* Re: [PATCH] net/mlx5: fix spurious CPU wakeups caused by invalid CQE
2025-10-15 13:39 [PATCH] net/mlx5: fix spurious CPU wakeups caused by invalid CQE Sivaprasad Tummala
@ 2025-10-28 14:53 ` Thomas Monjalon
2025-11-07 17:59 ` Dariusz Sosnowski
2025-11-11 3:40 ` [PATCH v2] " Sivaprasad Tummala
2 siblings, 0 replies; 5+ messages in thread
From: Thomas Monjalon @ 2025-10-28 14:53 UTC (permalink / raw)
To: Sivaprasad Tummala
Cc: jerinj, kirankumark, ndabilpuram, yanzhirun_163, david.marchand,
ktraynor, konstantin.ananyev, konstantin.v.ananyev,
bruce.richardson, maxime.coquelin, anatoly.burakov, aconole, dev,
akozyrev, stable, Dariusz Sosnowski, Viacheslav Ovsiienko,
Bing Zhao, Ori Kam, Suanming Mou, Matan Azrad, Maayan Kashani
Cc mlx5 maintainers
15/10/2025 15:39, Sivaprasad Tummala:
> Previously, the PMD used a common monitor callback to determine
> CQE ownership for power-aware polling. However, when a CQE contained
> an invalid opcode(MLX5_CQE_INVALID), ownership bit was not reliable.

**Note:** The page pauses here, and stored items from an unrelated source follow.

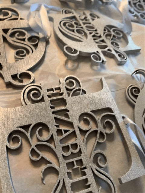 Customize ornaments for your friends, family, co-workers, teachers, school staff, and even your pets! Measures 5 inches tall. Width is determined by letter.
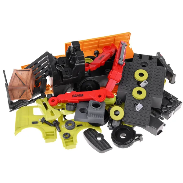 A különlegessége, hogy a daru a mellékelt, cserélhető fejekkel ellátott csavarhúzóval elemeire szedhető, majd újra összeszerelhető. Ez izgalmas kihívás, amely játék közben fejleszti a kézügyességet és a türelmet is.
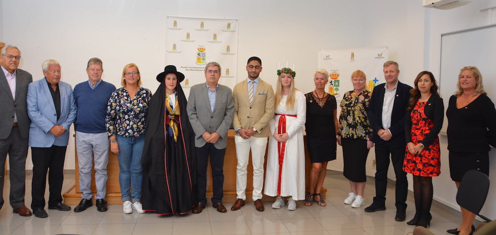 Sanna Sandgren, la conocida popularmente como la Lucía sueca, y Natalia Hernández Ojeda, reina de las fiestas de Santa Lucía de Tirajana, rindieron este lunes nueva visita a las autoridades municipales de San Bartolomé de Tirajana, justo cuando se cumplen 55 años desde que se iniciaran estas relaciones entre el municipio sueco de Lulea y el Patronato Reina de la Luz. En las oficinas municipales de Maspalomas fueron recibidas por el alcalde Marco Aurelio Pérez Sánchez, acto en el que estuvo acompañado por la teniente de alcalde Elena Álamo y el concejal de Turismo, Ramón Suárez.
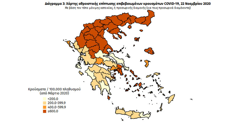 Ο χάρτης αποτυπώνει τη γεωγραφική κατανομή των συνολικών κρουσμάτων COVID-19 (από την αρχή της επιδημίας) ανά Περιφερειακή Ενότητα της χώρας, με βάση την δηλωθείσα διεύθυνση μόνιμης κατοικίας του ασθενούς, ή τη διεύθυνση προσωρινής διαμονής για τους τουρίστες και άλλους προσωρινά διαμένοντες στην Ελλάδα. Συμπεριλαμβάνονται τόσο κρούσματα με ιστορικό ταξιδίου (“εισαγόμενα”) όσο και κρούσματα με πιθανή εγχώρια μετάδοση.
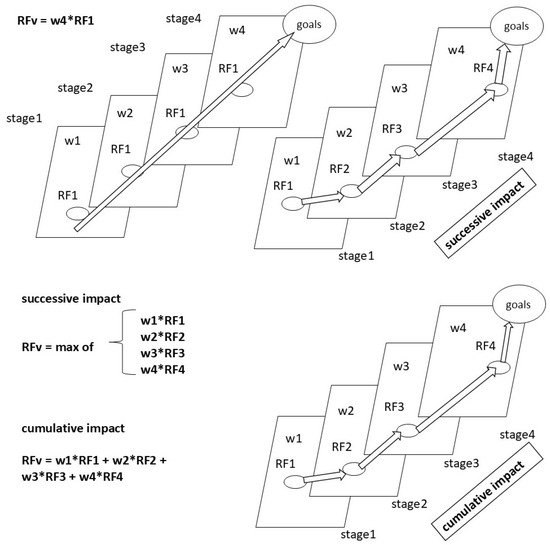 - In the case of cumulative risks, it is logical to posit that the vertical risk factor is the aggregate of the risk factors, as in Equation (5), duly considering the weight assigned to each stage during the risk factor computation.

> As a result, the monitor condition could falsely indicate CQE
> availability and cause the CPU to wake up unnecessarily during
> low traffic periods.
>
> This resulted in spurious wakeups in monitor-wait mode and reduced
> the expected power savings, as cores exited the sleep state even
> when no valid CQEs were available.
>
> This patch introduces a dedicated callback that skips invalid CQEs
> and optimizes power efficiency by preventing false wakeups caused
> by hardware-owned or invalid entries.
>
> Fixes: a8f0df6bf98d ("net/mlx5: support power monitoring")
> Cc: akozyrev@nvidia.com
> Cc: stable@dpdk.org
>
> Signed-off-by: Sivaprasad Tummala <sivaprasad.tummala@amd.com>
> ---
> drivers/net/mlx5/mlx5_rx.c | 17 ++++++++++++++++-
> 1 file changed, 16 insertions(+), 1 deletion(-)
>
> diff --git a/drivers/net/mlx5/mlx5_rx.c b/drivers/net/mlx5/mlx5_rx.c
> index 420a03068d..2765b4b730 100644
> --- a/drivers/net/mlx5/mlx5_rx.c
> +++ b/drivers/net/mlx5/mlx5_rx.c
> @@ -295,6 +295,20 @@ mlx5_monitor_callback(const uint64_t value,
> return (value & m) == v ? -1 : 0;
> }
>
> +static int
> +mlx5_monitor_cqe_own_callback(const uint64_t value,
> + const uint64_t opaque[RTE_POWER_MONITOR_OPAQUE_SZ])
> +{
> + const uint64_t m = opaque[CLB_MSK_IDX];
> + const uint64_t v = opaque[CLB_VAL_IDX];
> + const uint64_t match = ((value & m) == v);
> + const uint64_t opcode = MLX5_CQE_OPCODE(value);
> + const uint64_t valid_op = (opcode ^ MLX5_CQE_INVALID);
> +
> + /* ownership bit is not valid for invalid opcode; CQE is HW owned */
> + return -(match & valid_op);
> +}
> +
> int mlx5_get_monitor_addr(void *rx_queue, struct rte_power_monitor_cond *pmc)
> {
> struct mlx5_rxq_data *rxq = rx_queue;
> @@ -312,12 +326,13 @@ int mlx5_get_monitor_addr(void *rx_queue, struct rte_power_monitor_cond *pmc)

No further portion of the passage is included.